In FIG. 15, the resistance values of the resistance elements 204 and 631 to 633 constituting the mounting detection resistors 701 to 703 are set in consideration of the following conditions.
(1) The resistance value of each resistance element is 20 kΩ or more.
In this way, even if it is assumed that the highest voltage VHV used in the attachment detection circuit is applied to a 20 kΩ resistive element, the current flowing through the resistive element is limited to about 2.1 mA or less as calculated below. be able to.
(44.1V-2.4V) /20kΩ=2.085mA <2.1mA
Here, 44.1V is the maximum value of voltage VHV (absolute maximum voltage = 42V + 5%) when the rated value of voltage VHV is 42V and the allowable range is ± 5%. 2.4 V is the value of the reference voltage Vref used in the current-voltage conversion unit 710. In addition, (44.1V-2.4V) = 41.7V is equivalent to the maximum value of the voltage applied to the both ends of a resistance element. Thus, if the resistance value of each resistance element is 20 kΩ or more, the current can be limited to about 2.1 mA or less, so that the ASIC that realizes the mounting detection circuit can be protected.
(2) The resistance value of the resistance element 204 mounted on the ink cartridge is made larger than the smallest resistance value among the resistance elements 631 to 633 in the attachment detection circuit.
In this case, even if the resistance element 204 mounted on the ink cartridge is short-circuited for some reason, it is easy to detect the abnormality. Note that the resistance element 204 is typically externally attached to the back side of the substrate 200 (FIG. 3A). Since the distance between the terminals of the external resistance element 204 is as small as about 1 mm, there is a possibility that the terminals of the resistance element 204 may be short-circuited for some reason when the substrate 200 is manufactured. Can be easily detected.
(3) The minimum value of the detected current I _DET is the least 100 .mu.A.
This makes it easy to correctly determine the cartridge mounting state from the detection current _DET even when there is an influence of disturbance (noise). In the circuit configuration of FIG. 15, it is assumed that all three cartridges IC1 to IC3 are mounted, the manufacturing error of the resistance value is ± 1%, and the error due to the temperature dependence of the resistance value is 0.7%. Even in this case, the minimum value of the detection current I _DET is about 117 μA, and this condition can be sufficiently satisfied.
Although these conditions (1) to (3) are preferable conditions, it is not always necessary to satisfy these conditions, and other conditions can be set.
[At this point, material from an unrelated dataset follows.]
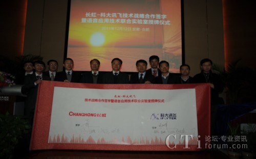 CTI論壇(ctiforum)12月14消息(記者 潘婷婷): 12月12日,科大訊飛與長虹集團(tuán)戰(zhàn)略合作簽約暨共建聯(lián)合實驗室揭牌儀式在科大訊飛語音產(chǎn)業(yè)基地研發(fā)大樓隆重舉行。根據(jù)合作框架協(xié)議,雙方將在戰(zhàn)略聯(lián)盟的基礎(chǔ)上,以共建聯(lián)合實驗室為主要載體,旨在依托各自行業(yè)領(lǐng)域的長期積淀優(yōu)勢、強(qiáng)強(qiáng)聯(lián)合,達(dá)成戰(zhàn)略互信,加強(qiáng)緊密合作,積極推動“語音核心引擎+智能終端平臺” 的特色應(yīng)用模式,深入拓展智能語音科技在智能電視等終端產(chǎn)品市場的應(yīng)用范圍,合力開創(chuàng)智能語音終端創(chuàng)新應(yīng)用市場空間。

In FIG. 15, the resistance values of the resistors R11, R21, and R22 of the individual mounting detector 630c are set to 2 kΩ, 25 kΩ, and 500 kΩ. These resistance values are set so that the values of the resistance ratio R21 / R22 and the resistance ratio R11 / _Rc1 ( _Rc1 is the combined resistance value when all cartridges are mounted) are substantially equal, as described in FIG. Yes. Accordingly, also in the circuit of FIG. 15, the detection voltage value V _DET and the plurality of threshold voltages Vth (j) can be accurately followed so as to change with substantially the same change width with respect to the fluctuation of the power supply voltage VHV. Is possible.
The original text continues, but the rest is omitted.